Wo ist die Grenze zwischen wirksamer Prävention und verbotenem Eingriff in das Recht auf menschliche Selbstbestimmung? Der amerikanische Wissenschaftler Richard Berk arbeitet in Norwegen an einem algorithmischen System, das schon bei Geburt eines Kindes vorhersagen soll, ob es vor seinem 18. Geburtstag kriminell wird. Grundlage dafür ist die sogenannte Identifikationsdatei der norwegischen Regierung, die darin riesige Mengen an Informationen über ihre Bürger sammelt. Noch können Berks Prognosen nicht überzeugen, doch sollten sie tatsächlich eine hohe Verlässlichkeit erreichen, stellen sich spätestens dann Fragen von hoher ethischer Komplexität im Umgang mit „zukünftig Schuldigen“: Dürfen solche Vorhersagen genutzt werden, um Betroffenen Hilfe anzubieten? Können präventive Maßnahmen greifen, ohne Kind und Familie vorzuverurteilen? Und wie wirkt sich all das auf die Psyche der Eltern und des Kindes aus? Berks Algorithmus opfert, sofern er funktioniert, das individuelle Persönlichkeitsrecht dem gesellschaftlichen Wunsch nach mehr Sicherheit. Das stellt unser bisheriges Rechtsempfinden und Grundrechtesystem, das auf der Unschuldsvermutung basiert, in Frage.
Wachsende Datenmengen und immer ausgefeiltere Algorithmen stellen unser Gemeinwesen vor die Entscheidung, was es mit ihren immer präziseren Vorhersagen anstellen soll. Das Spektrum möglicher Reaktionen reicht vom Verbot bis zur forcierten Umsetzung in präventive Maßnahmen. Wenn wir als Gesellschaft die Chancen algorithmischer Vorsorge nutzen wollen, zwingt uns das dazu, widerstreitende Werte gegeneinander abzuwägen. Im Zentrum steht die Frage, wie wir den zukünftigen Schutz der Gesellschaft gegenüber den Grundrechten des Individuums im Hier und Jetzt bewerten.
Die Abwägung zwischen den Gütern „Schutz der Gemeinschaft“ versus „Selbstbestimmungsrecht und Freiheit des Individuums“ ist eine politische Entscheidung.
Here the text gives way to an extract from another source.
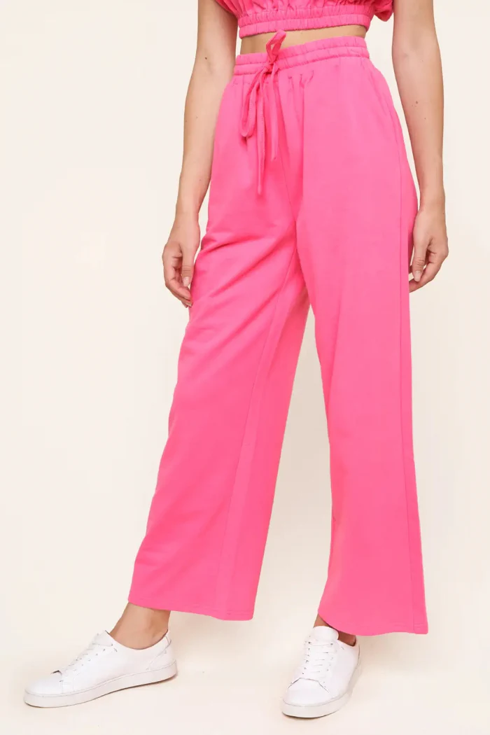 Lounging around in these wide leg pants. Made of the french terry knit, these pants feature an elastic waistband with a drawstring and side pockets. Pair it any of the basics knit tops and throw on a pair of sneakers.
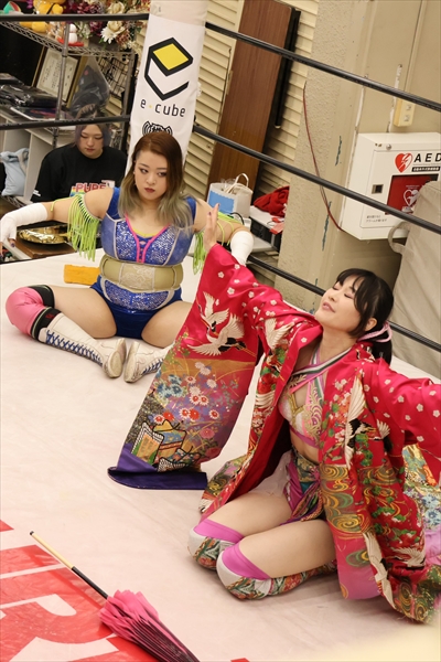 <第1試合 桃の爆裂vs蒼の衝撃 シングルマッチ 15分1本勝負>

Dafür gelten bekannte Maßstäbe: Wie schwerwiegend ist der notwendige Eingriff in das einzelne Leben? Wie groß ist das Risiko, dass ein befürchtetes Ereignis eintritt? Und sollte es eintreten, wie weitreichend wären die Auswirkungen auf die Gesellschaft? Die Abwägung, wo Freiheit und Rechte des Individuums zugunsten kollektiver Interessen eingeschränkt werden dürfen, kennt aber kein eindeutig richtiges oder falsches Ergebnis, erst recht nicht auf Dauer. Denn im Laufe der Zeit ändern sich auch unsere Vorstellungen von dem, was wir für ethisch angemessen halten.
Für die algorithmische Prävention bedeutet: Wir müssen immer wieder gesellschaftlich darüber debattieren, streiten und letztlich politisch entscheiden, wie viel wir überhaupt über die Zukunft wissen wollen und wo der prognostische Blick nach vorn ausdrücklich begrenzt werden soll. Vieles, was auf den ersten Blick verheißungsvoll klingen mag, entpuppt sich auf den zweiten Blick als ethische Gratwanderung. Denn Menschen haben auch das Recht, die Zukunft nicht zu kennen. Doch umgekehrt würde ein generelles Verbot prädiktiver Technologien bedeuten, dass anderen so die Chance auf ein sichereres Leben entginge. Menschen wie die SKALA-Entwickler im nordrhein-westfälischen LKA führen uns dieses Spannungsverhältnis mit ihren scheinbar intelligenten Maschinen jeden Tag aufs Neue vor Augen.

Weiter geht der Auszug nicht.